Not much of the past few years could rightly be called living. She hasn’t recognized me in over two years. She shows not even the slightest bit of emotive response when Randa and I walk into her room. I tell her that it’s Easter morning and have to repeat the statement two more times. Mom gives up on understanding what that means and shakes her head a couple of times.
I take a seat on the bed, right beside her and Randa sits beside me. “Do you want to drink some of your juice?” I ask Mom, picking up the small glass on her tray. “What?”
I repeat the question and lift the glass toward her mouth. “What is that?” she asks and I tell her that it’s apple juice. “What?” I repeat, louder, “Apple juice.” She barely touches it to her lips and takes a tiny taste. I put the glass back on the tray and she comments, “That’s sweet,” but she has no interest in any more of it.
She keeps staring down at her feet, lifting them up over the bar of the rolling stand, studying them as if trying to figure out to whom they belong and why they are attached to her legs. Or maybe she’s puzzled about the shoes.

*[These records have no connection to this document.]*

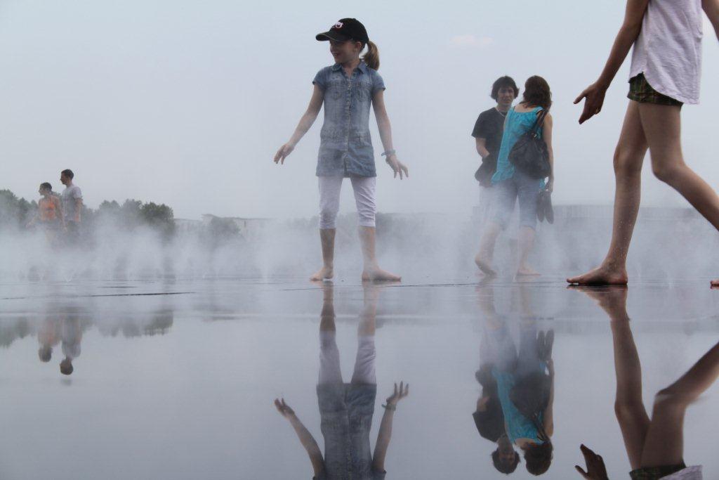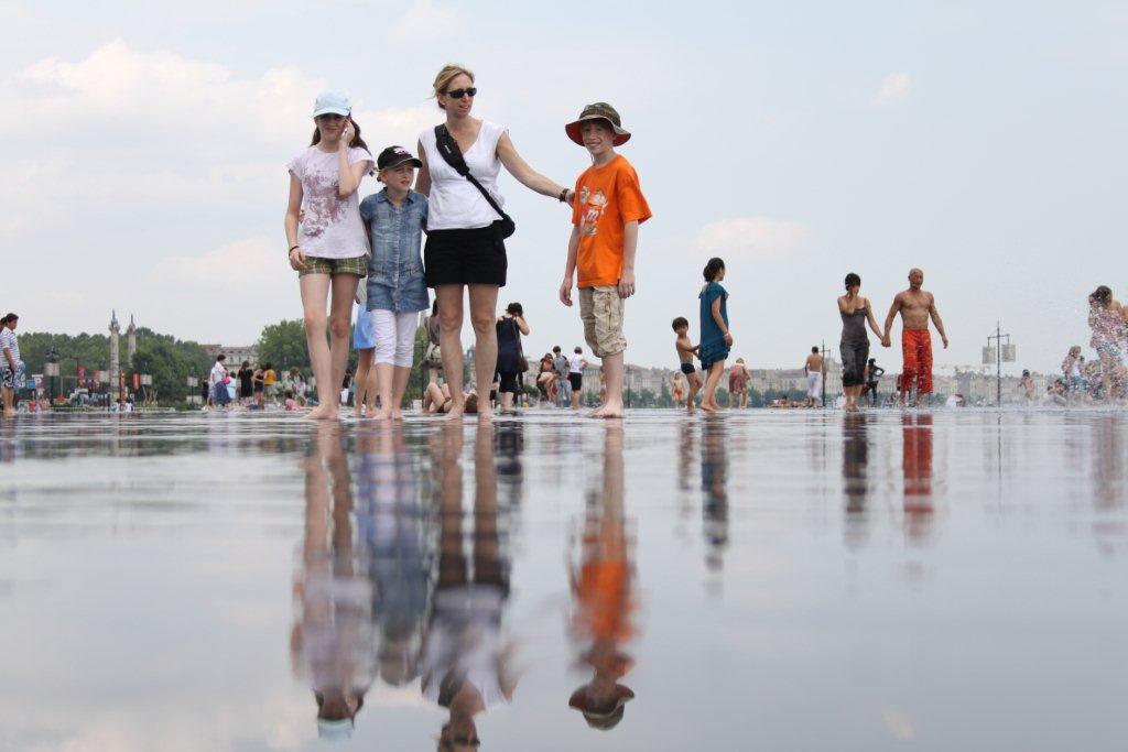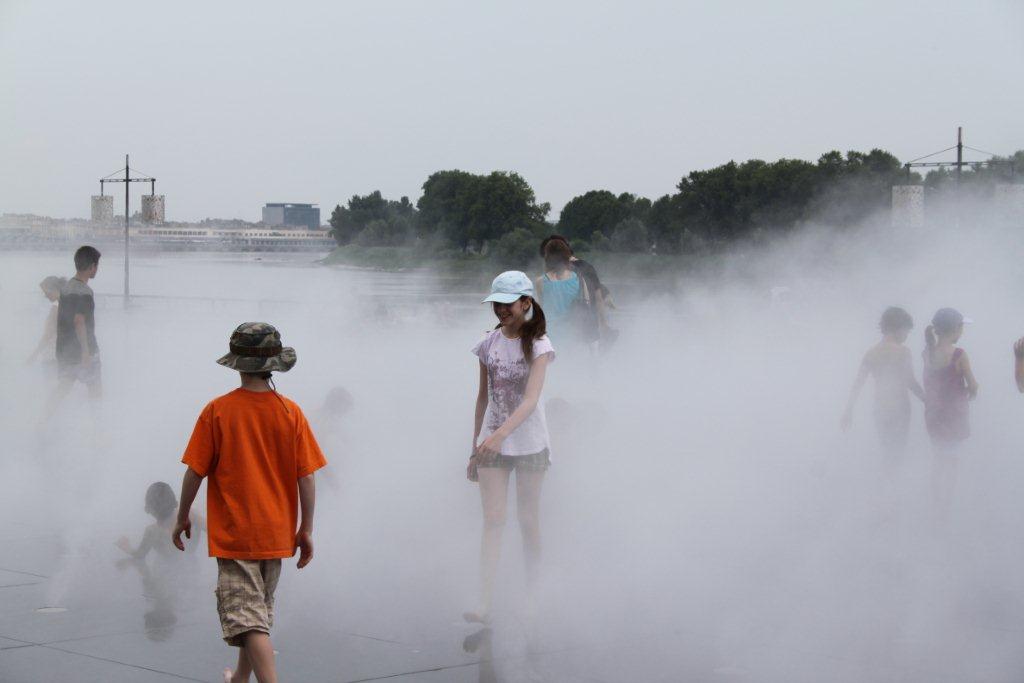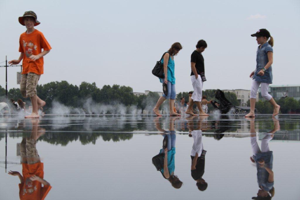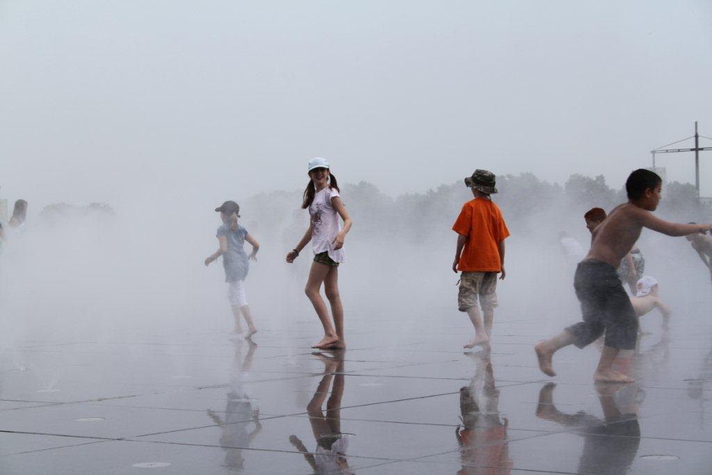 Les enfants ont appréciés le «mirroir d’eau» aménagé devant la place de la bourse où ont peu se rafraichir quand c’est la canicule comme aujourd’hui. Il doit bien faire 35-36 degré.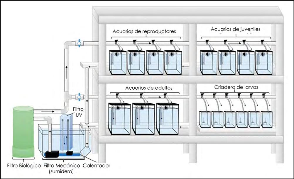 El sistema se construyó con materiales locales de bajo costo y consiste en dos niveles con acuarios de vidrio de 15, 10, y 1.5 l (figura 1). Los acuarios descargan sobre una canaleta de PVC a través de un tubo recubierto por un extremo con malla de nylon, el cual desemboca en un depósito de acrílico (sumidero). Los primeros compartimentos permiten separar por decantación los sólidos del agua, el líquido pasa a un tercer depósito en donde una bomba de impulsión de 150 l/h bombea el flujo hacia la lámpara UV, el flujo es bombeado por una segunda bomba de impulsión de 350 l/h hacia un filtro biológico —consistente en un tubo hermético de PVC de 50 cm de diámetro que en su interior contiene 1/2 k de esferas de poliestireno, estas esferas sirven como superficie para adhesión de bacterias benéficas que promueven la nitrificación y desnitrificación del agua—, finalmente, el agua regresa a través de un sistema de tuberías de PVC hacia ambos niveles, en donde válvulas de PVC grado alimenticio controlan el flujo que alimenta los acuarios. En el interior del depósito sumidero se colocó un calentador de alto rendimiento de 300 W, el cual mantiene la temperatura del sistema a 28.5 ºC.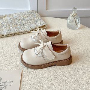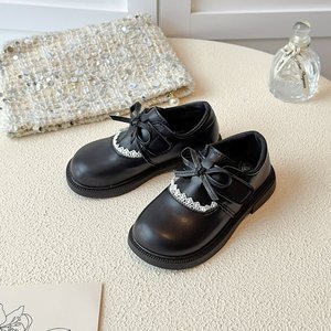 女童小皮鞋2025年春秋新款儿童软底豆豆鞋蝴蝶结公主鞋小女孩单鞋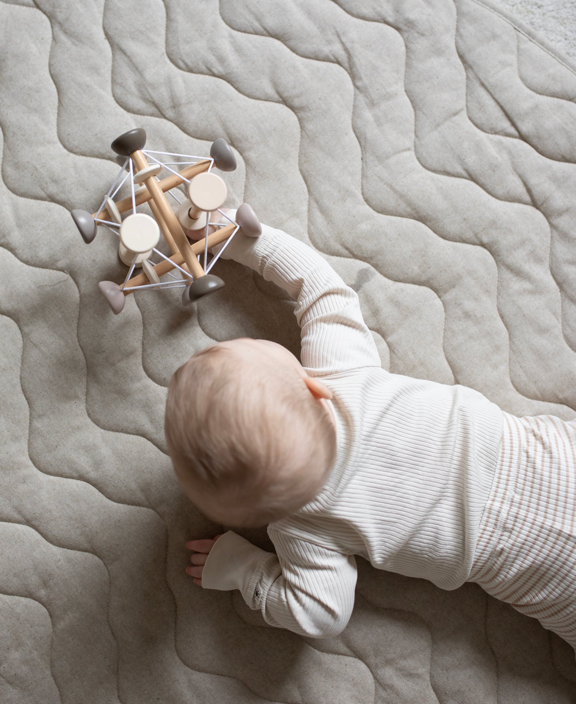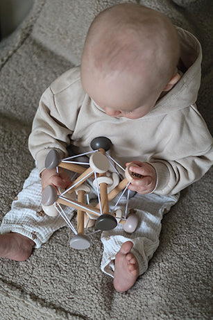 Një lodër aktiviteti për fëmijët e vegjël që stimulon shumë shqisa njëkohësisht. Shiritat e butë prej gome janë të pajisur me unaza druri që mund të rrotullohen dhe të tërhiqen. Ato mbajnë së bashku shkopinjtë prej druri, të cilët mund të shtypen drejt njëri-tjetrit ose të tërhiqen jashtë, duke krijuar lëvizje dhe forma të ndryshme.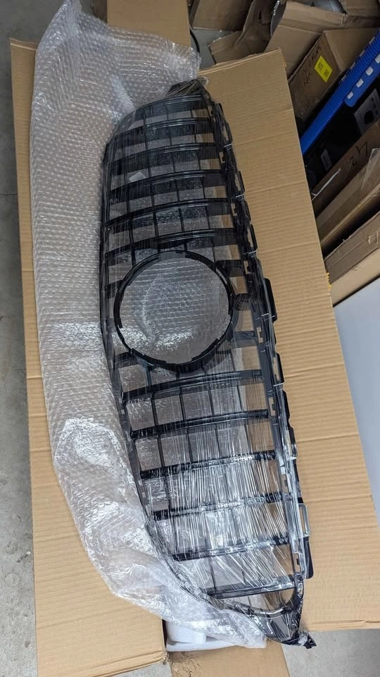 Brand new in box, never installed. This front grille fits 2019-2021 C-Class W205 LCI models (C250, C300, C350, C400). Will NOT fit C63, C63S, or C43 models. Package includes one front grill; emblem or badge not included. Made from durable ABS plastic with a gloss black finish. Direct replacement using original clips, no modifications needed.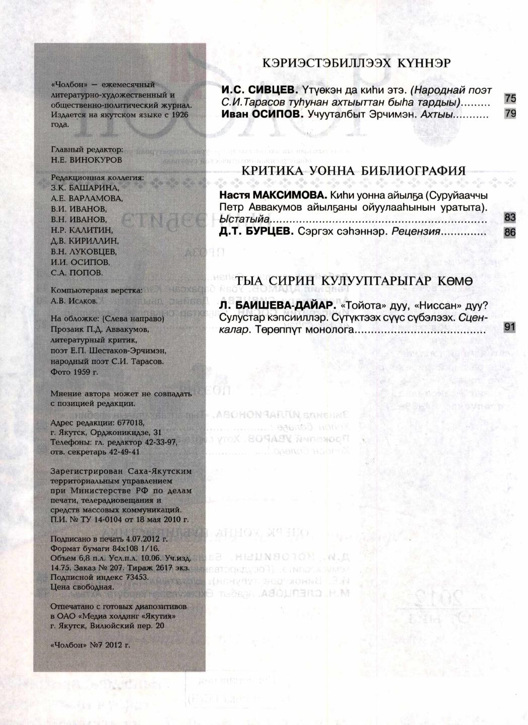 - 2. Чолбон: уус-уран литературнай уонна общественнай-политическай сурунаал, 2012, №2 (олунньу)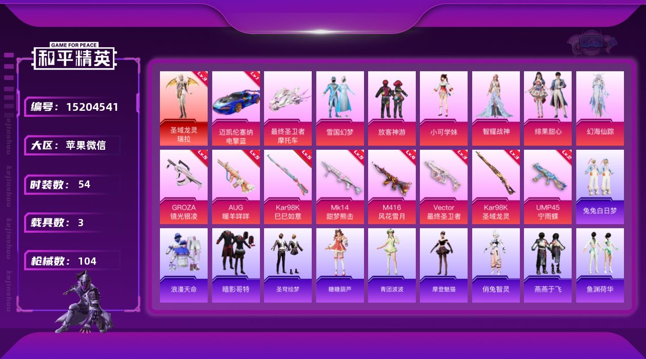 [15204541]素材身法号/无敌战神框1/绝世印记6/地铁满天赋 苹果 微信-无敌战神框-1神装-6粉装-8特效枪-3载具-6粉色飞行器-3.9w热力值-7王牌印记-54套装-104枪皮【红色载具】:迈凯伦塞纳(电擎蓝)(一级)【红色神装等级】:圣域龙灵-瑞拉(三级)【热门品类】:粉装-雪国幻梦,套装-浪漫天命,套装-暗影哥特【粉色载具】:迈凯伦塞纳(电擎蓝),最终圣卫者摩托车,僚机-圣域龙宝【粉色套装】:粉装-雪国幻梦,粉装-放客神游,角色-小可学妹,角色-智耀战神,粉装-绯果甜心,角色-幻海仙踪【粉色枪皮等级】:M416-风花雪月(四级),GROZA-镜光银凌(五级),AUG-暖羊咩咩(五级),UMP45-宁雨蝶(二级),Vector-最终圣卫者(三级),Kar98K-巳巳如意(五级),Kar98K-圣域龙灵(三级),Mk14-甜梦熊击(五级)【粉色飞行器】:月下星之子飞行器,圣域金龙飞行器,绯果甜心飞行器,幻海仙踪飞行器,终晖之翼飞行器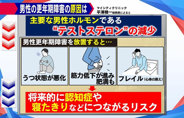 男性の更年期障害の外来がある「マイシティクリニック」平澤精一 総院長に、どのような症状で訪れるのか聞きました。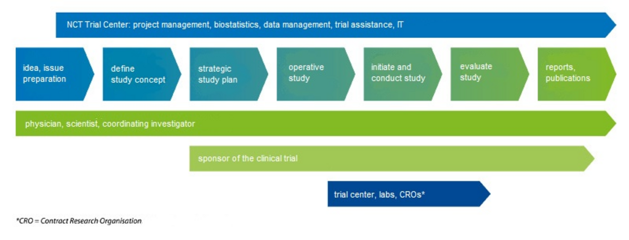 Comprehensive quality-assured templates are available for preparing the necessary study documents during trial set-up, application with ethics committee and regulatory authorities, and trial conduct. The NCT Heidelberg Trial Center actively assists in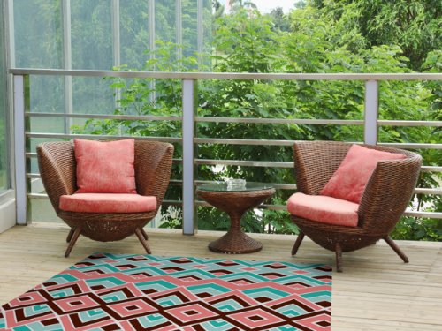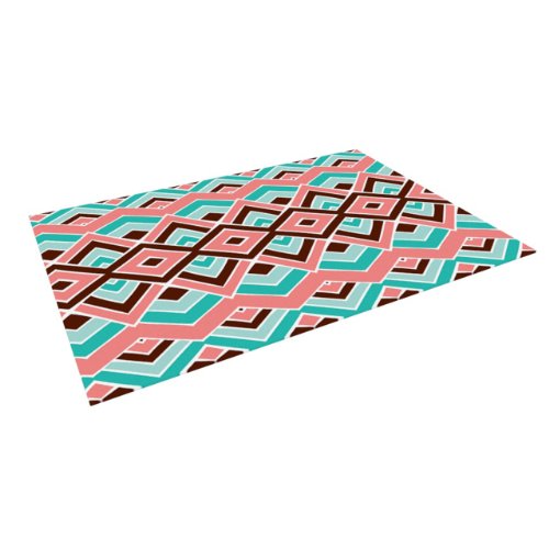 Kess InHouse Pom Graphic Design "Eclectic" Peach Teal Indoor/Outdoor Floor Mat, 4-Feet by 5-Feet

Her legs are thin and bony and covered with bluish marks. I look up from her legs and look at her hands.
Swollen by arthritis, her knuckles seem huge, exaggerated by the loss of weight. Or maybe it’s not exaggeration, just harsh truth without the deception of surrounding flesh.
From time to time, in between the times of asking me if I have a big family and where we live, she repeats, “Things have changed.” After a few minutes of nearly shouting to try to help her understand what I’m saying, I give up. She isn’t able to answer in a coherent fashion anyway. In a little while, I tap Randa on the knee and nod my head toward the door. Just then, Mom reaches over and lays her hand on my left arm. I quickly put my right hand over hers. Her flesh is cold and soft and I rub my fingers lightly over hers.
We sit like that for several minutes. Mom continues to inspect her feet, shake her head slowly and say again, “Things change.”
Finally, I tell her that we’ve got to go. She seems startled and sad. “You’ve got to leave?” As I stand, she begins pushing herself up out of the wheelchair. Randa and I look at each other, surprised and unsure of what we should do. Mom walks carefully over to the door, gripping the edges of chairs, cabinets, doorframe. A couple of nurses come over to us. Mom reaches up to hug me and the twist in my gut rises up to my throat. I manage to keep the sounds stifled but I cannot stop the heaving of my sobs. I kiss her and turn away so she cannot see my face.
Somehow, even though she showed no recognition of me or Randa or of the names of the siblings when I asked if she’d seen them, there was some sense of connection. Something in her made her reach over and lay her hand on my arm, some deeply buried sense of emotional attachment pulled her up out of that chair. Not even the fierce silence of dementia has yet been able to erase all notion of affection, no matter how little else of cognition remains.
“Things change.” And one day, that change will set the spirit free from the body the mind has already left. And One Day, my mother and I will be together again, and she will know it.